## Task instructions
Print, in exact form, the lines below from the one containing "FR991 x Ferah" through the one containing "Mijn Spotlight 9, bestaand", and omit all others.

## Given data
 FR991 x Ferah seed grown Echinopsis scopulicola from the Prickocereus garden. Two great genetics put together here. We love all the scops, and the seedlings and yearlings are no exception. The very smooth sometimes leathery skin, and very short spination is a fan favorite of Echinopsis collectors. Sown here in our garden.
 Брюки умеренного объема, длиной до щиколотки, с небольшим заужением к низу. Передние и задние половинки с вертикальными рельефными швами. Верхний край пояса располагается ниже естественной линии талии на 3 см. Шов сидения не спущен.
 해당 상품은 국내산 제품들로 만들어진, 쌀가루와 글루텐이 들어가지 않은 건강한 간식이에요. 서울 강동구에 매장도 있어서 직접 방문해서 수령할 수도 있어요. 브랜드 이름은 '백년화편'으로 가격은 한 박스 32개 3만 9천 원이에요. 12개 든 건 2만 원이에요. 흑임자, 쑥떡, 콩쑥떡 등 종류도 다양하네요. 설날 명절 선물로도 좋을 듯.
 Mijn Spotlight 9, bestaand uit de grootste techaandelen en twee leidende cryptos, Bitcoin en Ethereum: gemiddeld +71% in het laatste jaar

...

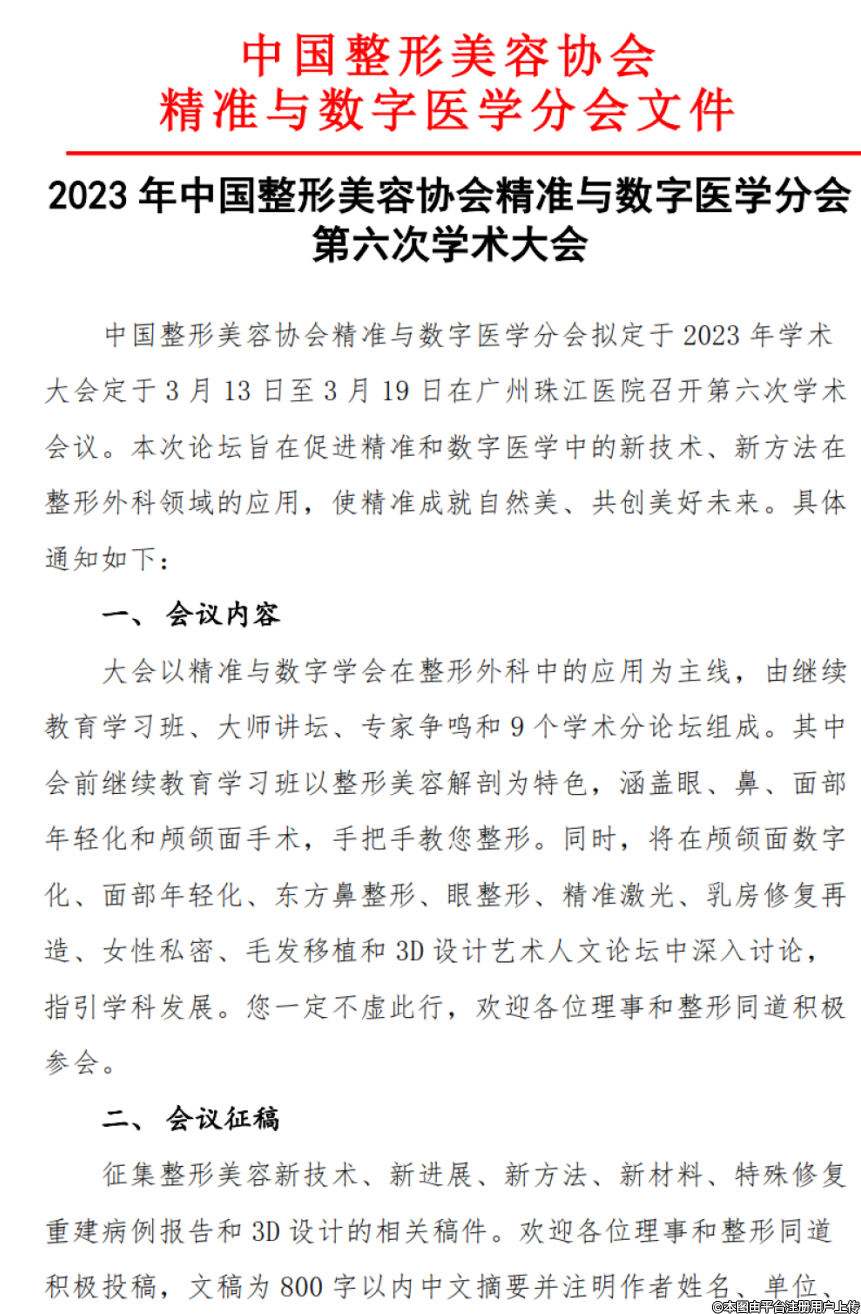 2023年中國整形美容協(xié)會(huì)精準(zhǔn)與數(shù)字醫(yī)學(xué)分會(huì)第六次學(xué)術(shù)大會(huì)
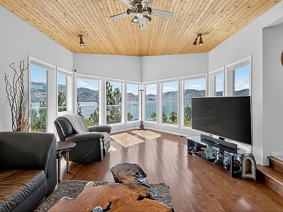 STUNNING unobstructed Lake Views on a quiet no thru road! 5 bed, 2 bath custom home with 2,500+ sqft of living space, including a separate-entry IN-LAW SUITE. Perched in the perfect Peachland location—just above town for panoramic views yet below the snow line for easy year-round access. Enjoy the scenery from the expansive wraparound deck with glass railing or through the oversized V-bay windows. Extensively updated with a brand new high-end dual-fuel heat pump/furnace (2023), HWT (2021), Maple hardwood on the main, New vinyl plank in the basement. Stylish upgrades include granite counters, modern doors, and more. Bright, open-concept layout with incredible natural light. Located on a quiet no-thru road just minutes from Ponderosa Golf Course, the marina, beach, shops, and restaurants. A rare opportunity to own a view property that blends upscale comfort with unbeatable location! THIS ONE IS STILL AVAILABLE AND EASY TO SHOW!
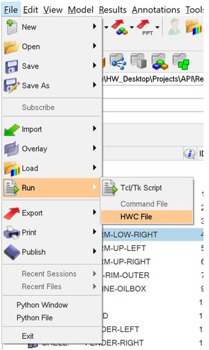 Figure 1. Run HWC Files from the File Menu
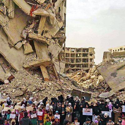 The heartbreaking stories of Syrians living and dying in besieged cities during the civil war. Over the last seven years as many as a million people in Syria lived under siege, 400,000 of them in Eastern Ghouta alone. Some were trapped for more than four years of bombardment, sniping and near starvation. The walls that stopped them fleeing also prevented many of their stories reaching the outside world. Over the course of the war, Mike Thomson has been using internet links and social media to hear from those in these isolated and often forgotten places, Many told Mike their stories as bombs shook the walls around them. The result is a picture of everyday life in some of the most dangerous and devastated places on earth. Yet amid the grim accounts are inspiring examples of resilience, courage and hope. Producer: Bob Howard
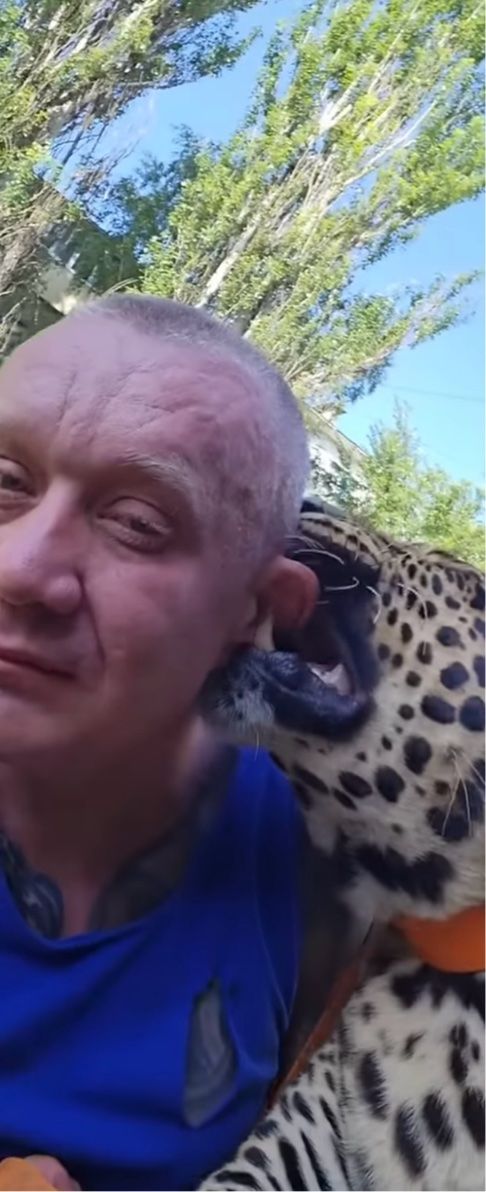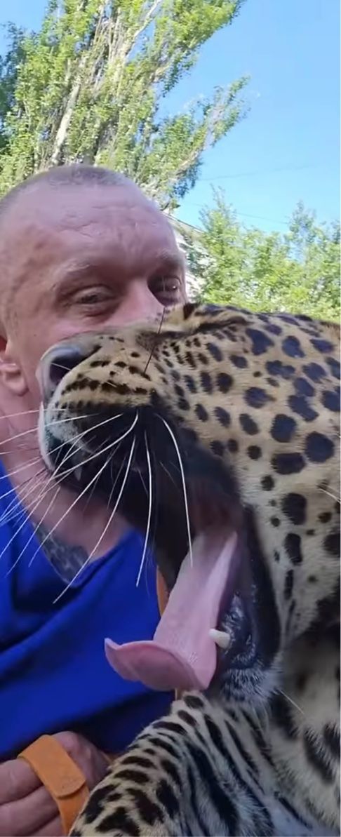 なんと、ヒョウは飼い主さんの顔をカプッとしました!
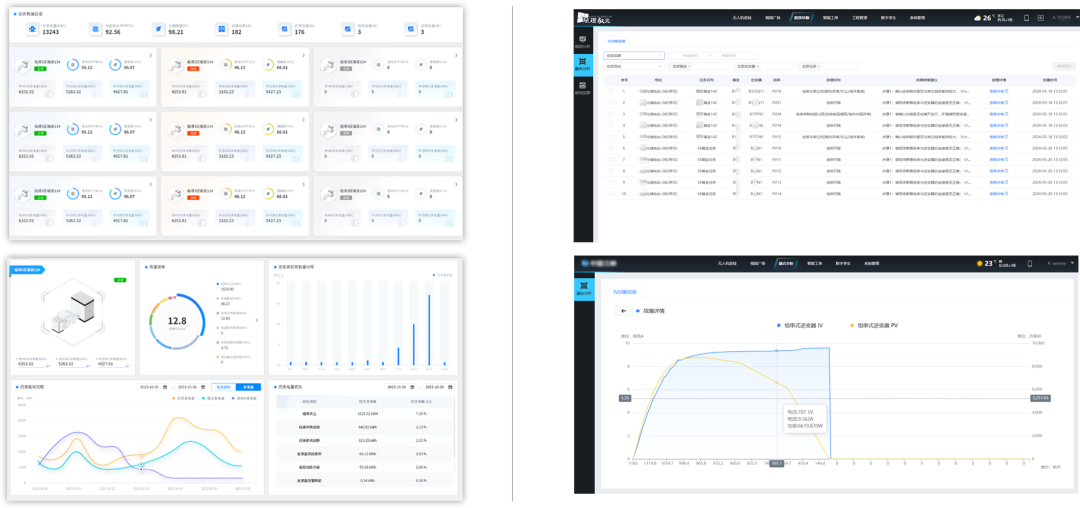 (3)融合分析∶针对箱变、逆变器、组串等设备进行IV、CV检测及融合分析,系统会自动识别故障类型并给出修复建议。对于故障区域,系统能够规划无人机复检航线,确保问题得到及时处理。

---

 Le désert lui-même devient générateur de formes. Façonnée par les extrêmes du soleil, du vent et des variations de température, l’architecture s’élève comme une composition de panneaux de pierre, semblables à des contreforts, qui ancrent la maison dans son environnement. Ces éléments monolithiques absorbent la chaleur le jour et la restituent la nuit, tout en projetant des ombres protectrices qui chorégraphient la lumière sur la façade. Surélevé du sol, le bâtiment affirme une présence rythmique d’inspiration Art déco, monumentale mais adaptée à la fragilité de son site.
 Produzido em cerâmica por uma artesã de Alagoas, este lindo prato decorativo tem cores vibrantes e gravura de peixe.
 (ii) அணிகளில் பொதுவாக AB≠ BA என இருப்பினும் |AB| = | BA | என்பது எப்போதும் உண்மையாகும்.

## Task output
 FR991 x Ferah seed grown Echinopsis scopulicola from the Prickocereus garden. Two great genetics put together here. We love all the scops, and the seedlings and yearlings are no exception. The very smooth sometimes leathery skin, and very short spination is a fan favorite of Echinopsis collectors. Sown here in our garden.
 Брюки умеренного объема, длиной до щиколотки, с небольшим заужением к низу. Передние и задние половинки с вертикальными рельефными швами. Верхний край пояса располагается ниже естественной линии талии на 3 см. Шов сидения не спущен.
 해당 상품은 국내산 제품들로 만들어진, 쌀가루와 글루텐이 들어가지 않은 건강한 간식이에요. 서울 강동구에 매장도 있어서 직접 방문해서 수령할 수도 있어요. 브랜드 이름은 '백년화편'으로 가격은 한 박스 32개 3만 9천 원이에요. 12개 든 건 2만 원이에요. 흑임자, 쑥떡, 콩쑥떡 등 종류도 다양하네요. 설날 명절 선물로도 좋을 듯.
 Mijn Spotlight 9, bestaand uit de grootste techaandelen en twee leidende cryptos, Bitcoin en Ethereum: gemiddeld +71% in het laatste jaar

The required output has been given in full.